It's very appropriate considering the pass takes place at the former Space Shuttle runway.

We don’t see the McLaren Senna nearly enough in real life. By that, we mean in our actual lives but also in videos like this where the car is doing what it was built to do. Johnny Bohmer Proving Grounds has a new clip showing the Senna tackling the Space Shuttle runway in Florida, and if it seems familiar, it’s because we featured the same car at the same place last year. In fact, this run was done at the same time, but whereas the earlier clip showed a top-speed pass on the 2.3-mile version of the runway, this is a single-mile sprint.

The Senna makes short work of the mile, too. Often times we see cars launch relatively easy, with full throttle coming closer to 100 mph. The Senna clearly has launch control active, and the telemetry shows the car pulls 1.1g on launch. That’s not bad at all considering the Senna is on street tires, and the runway doesn’t have a sticky prepped surface as you’ll find at a drag strip.

100 mph is reached in five seconds, and 150 mph follows just five seconds later. Acceleration notably drops after 160 mph though, despite the Senna’s 789-horsepower (588-kilowatt) 4.0-liter twin-turbo V8 and light 2,850-pound weight. We see 188 mph briefly on the speed readout, but the official trap speed at the mile-mark is 187.28 mph.

That’s not slow by any means, but it’s not the quickest sprint we’ve seen at the runway. A modified Nissan GT-R reached 215 mph last August, though admittedly it had 1,100 horsepower. A stock Ford GT also took the one-mile challenge and it reached 182 mph – nearly as fast as the Senna despite having just 647 horsepower. For that matter, we’ve seen a stock McLaren 720S hit 215 mph flat-out on the runway, whereas the Senna only managed 208 in its previous top-speed trip.

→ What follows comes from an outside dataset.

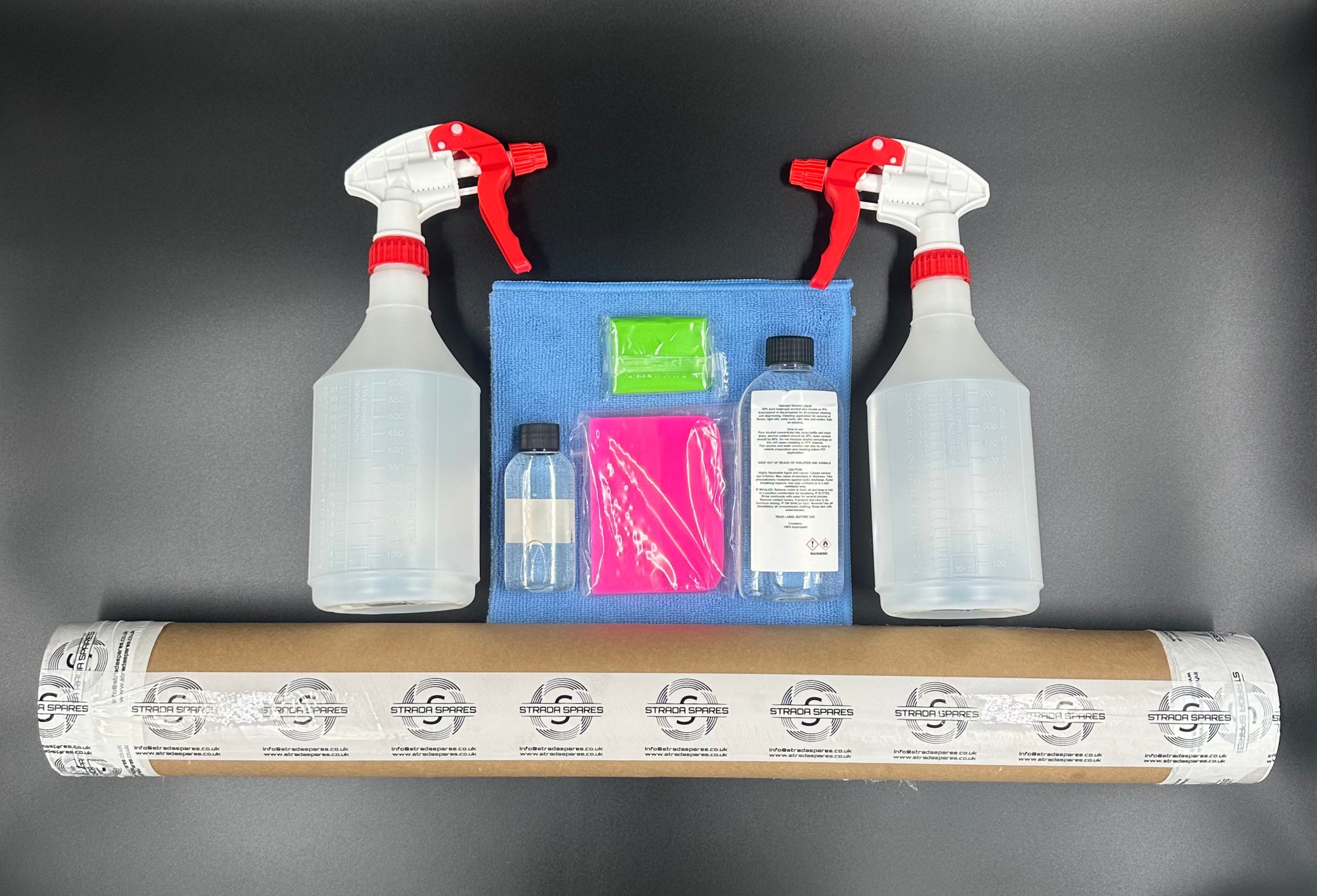 - X1 Instillation Kit which includes a Microfibre towel, Clay Bar, Squeegee, X1 Tack solution with spray bottle and X1 Slip solution with spray bottle

Of course, there’s absolutely nothing wrong with the Senna. The massive wing and aero package that makes this machine a corner-carving diety exact a toll on straight-line speed, but again, 187 mph in a single mile isn’t slow. Perhaps the best part of this clip, however, is the jet-like whine the Senna makes as it blasts down the runway. It’s a very fitting sound for such a location.